The real core of engineering, in addition to technical expertise, is the ability to articulate the inevitable tradeoffs and pros/cons of design alternatives, and then weigh these relative to each other in the context of the application. These tradeoffs are visible and less-visible, encompassing a combination of factors such as basic performance, size, power, impact on overall design, design confidence, reliability, weight, and cost.
I came across yet another basic example of this situation when I was asked a simple technical question. A friend wanted to add an LED to a double-pole single-throw (DPST) electromechanical relay, designated as “2 Form A” in the industry-standard nomenclature (see Reference 1) to indicate that the relay coil was energized. The electrical parameters were pretty clear: the relay source was a 24 Vrms @ 1A AC supply and had a 600-Ω coil, so by Ohm’s law the relay current was 40 mArms (Figure 1).

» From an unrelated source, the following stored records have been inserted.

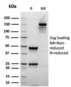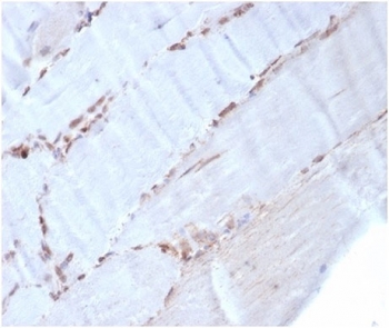 Actin is a major component of the cytoskeleton and is present in most cell types. It is highly specific to actin from smooth muscles. This MAb does not stain cardiac or skeletal muscle; however, it does stain myofibroblasts and myoepithelial cells. This antibody could be used together with anti-muscle specific actin and myogenin in making a diagnosis of smooth muscle and skeletal muscle tumors. In most cases of rhabdomyosarcoma, this antibody yields negative results whereas anti-muscle specific actin and myogenin are positive. Leiomyosarcomas are positive only with anti-muscle specific actin and anti-smooth muscle actin and are negative with anti-myogenin.
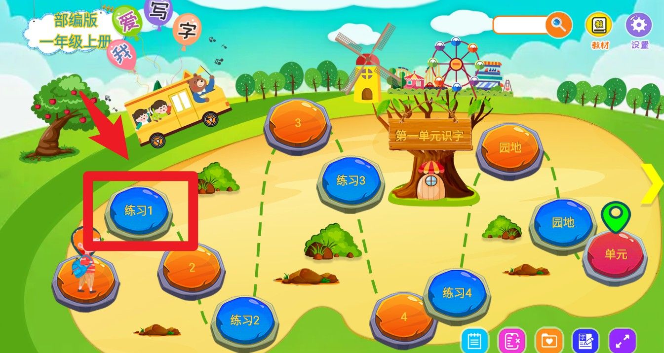 1、进入首页后,选择相应的年级章节,点击练习1等等级按钮,即可进入当前单元的学习任务。
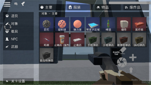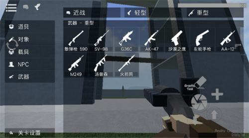4、点击右边“手枪”按钮拿枪,可以让角色切换到持枪状态,中心用于开枪,+号可以新增靶子角色。
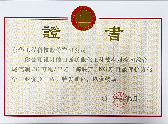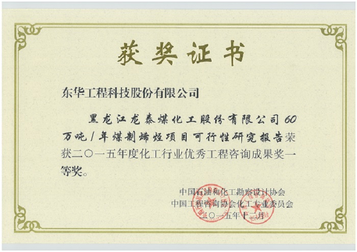 名稱:化工行業(yè)優(yōu)秀工程咨詢成果獎一等獎
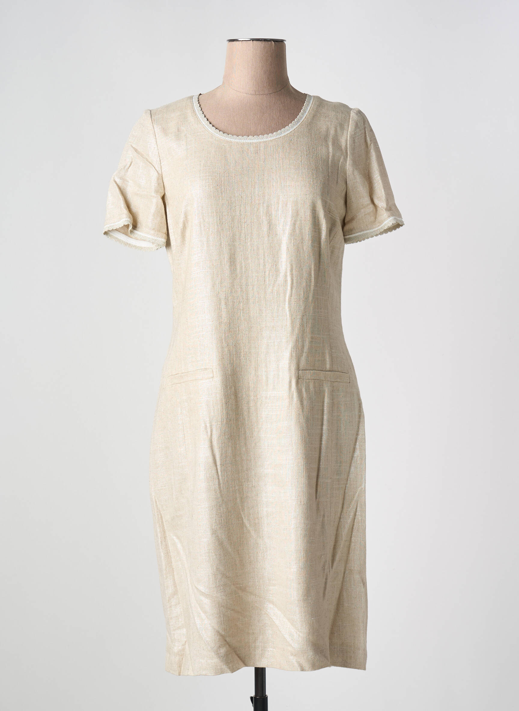 Profitez d’un véritable bon plan avec cette robe mi-longue signée Gregory Pat, idéale pour adopter un style chic à petit prix. Son élégance discrète se retrouve dans sa coupe sobre et féminine, sublimée par de courts manches et un col rond délicatement souligné d’un liseré contrastant. Son tissu à l’aspect légèrement texturé apporte une touche raffinée et actuelle, parfaite pour toutes les occasions du quotidien ou pour accessoiriser lors d'événements. Cette robe polyvalente vous offre l'opportunité de renouveler votre garde-robe sans vous ruiner.

Figure 1 The basic topology was simple enough: a 24 VAC supply, feeding a 600-Ω, DPST relay.
My first thought was to keep it simple: just take a 40-mA LED and insert it in series with the relay coil, which would function as the current-limiting resistor: one component, quick and cheap (Figure 2). But that solution didn’t sit well with me for several reasons. First, I wasn’t sure if having a diode (yes, the LED is a diode) in series with coil would affect the coil’s operation with the half-wave rectified current causing relay “chatter” at 60 Hz. Second, relays often create an inductive “kick” when they de-energize, and that would likely not be good for the LED’s lifetime; it’s no secret that electrical stresses, along with mechanical and thermal ones, are the most common causes of premature component failure.
Figure 2 The first idea, of putting the LED in series with the relay coil seemed a “no-brainer” one-component solution, at least for a few minutes.

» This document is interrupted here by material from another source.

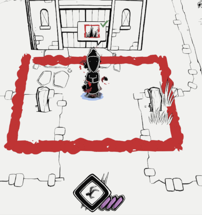 In terms of size, obviously, the bigger the drawing is, the bigger the amount of blood spent. Players will be rewarded by having certain aspects of the rituals scaling depending on the size of a shape. Obviously, for any area of effects, it’s easy to imagine why you would draw a bigger shape. For active effects rituals, we can scale it in different ways. For exemple, for the Ghastly Claw ritual, a bigger size will give a higher number of charges.
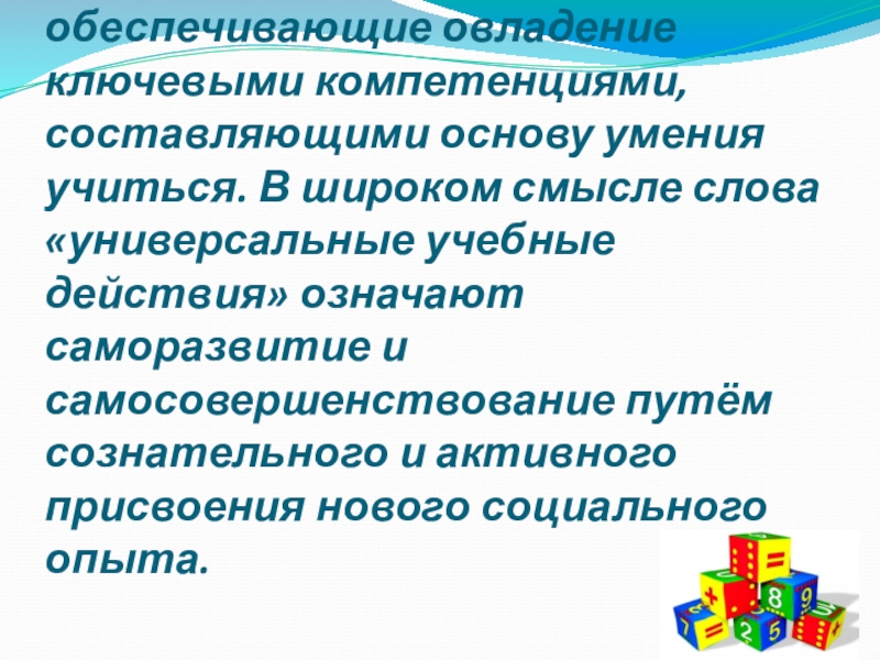 овладение ключевыми компетенциями, составляющими основу умения учиться. В широком смысле слова «универсальные учебные действия» означают саморазвитие и самосовершенствование путём сознательного и активного присвоения нового социального опыта.

These can be frustrating failures to figure out since the installation worked for “a while.” I could add a clamping diode across the coil, but that means adding another part. Third, I generally try to avoid physically cutting into a properly operating circuit to add something in series, as it is often mechanically difficult to do cleanly and secure properly.
So it was on to plan B: add the LED and a current-limiting resistor across the coil (Figure 3). The 1-A transformer had plenty of capacity to handle the additional 20-30 mA load, so no problem there. I also figured that there was probably no need to filter the rectifier AC output to reduce visible ripple, as the eye’s vision persistence would most likely take care of that. But there still was the issue of inductive kick.

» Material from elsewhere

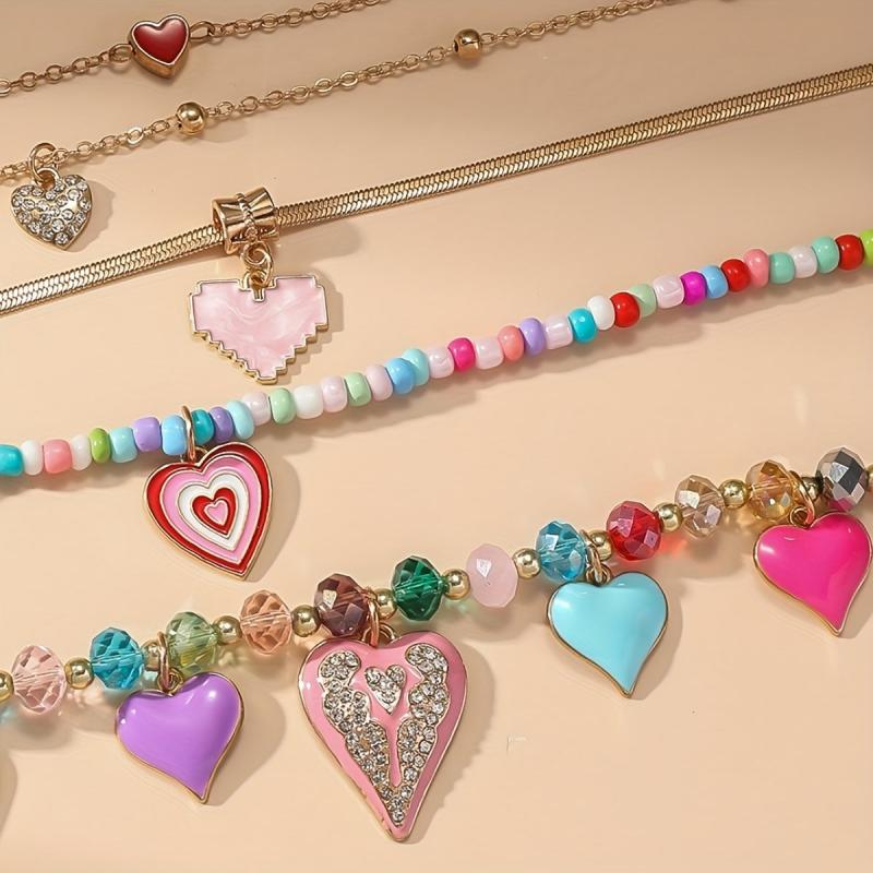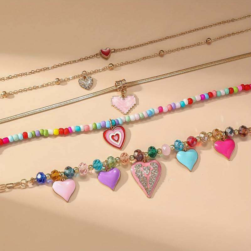 Add a stylish touch to your outfit with this Bohemian Beaded Heart Necklace Set. Featuring colorful irregular hearts for a fun pop of color and a touch of dopamine, this layered collarbone jewelry is perfect for women who love unique accessories.
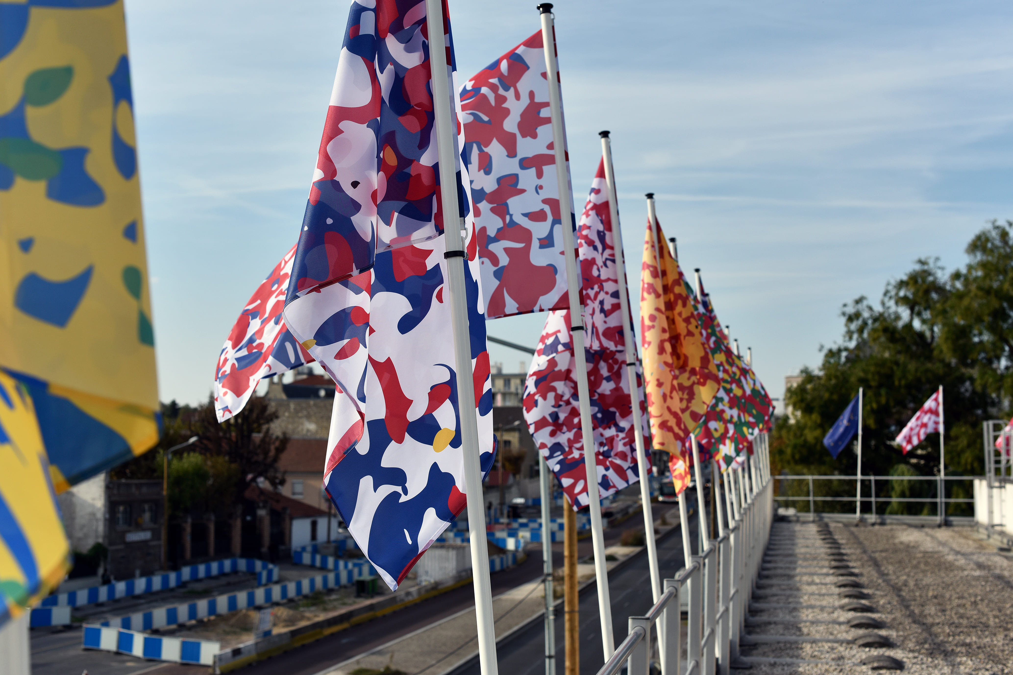 Ce projet proposé par le MAC VAL est un dispositif artistique composé de mâts qui permettent d’inviter régulièrement des artistes pour concevoir de nouveaux drapeaux. Le drapeau est un symbole, un support dont de nombreux artistes se sont saisis depuis les dernières décennies.

Figure 3 An alternative was to put the LED and resistor across the coil instead of the LED in series, which would cost just one extra resistor beyond the first idea.
Further, some people are especially sensitive to 60-Hz visual ripple; if that was a problem, then I might have to add an external half-wave or full-wave rectifier to power the LED and then filter it with a small capacitor of 10 μF to 100 μF. Since this add-on version of the indicator circuit would be in parallel with the coil, physical installation would be easier (as would be taking it out, if necessary).
But stepping back, I realized there were a lot of “maybes” and “most likelys” in these approaches, which is often worrisome, would consume excess time to fine tune, and even affect long-term reliability. So I took a moment to reflect on a basic question: “What other resources do we have readily available here?” and the answer was obvious: the unused relay-pole contact pair, which is electrically independent but mechanically coupled to the active one. Note that while single-pole relays (SPST — 1 Form A) are widely available, many designers choose double-pole versions for convenience and “just-in-case” opportunities, or even go to a DPDT (2 Form C) relay and leave those extra contacts unused, as the cost difference is often outweighed by the extra future flexibility they offer.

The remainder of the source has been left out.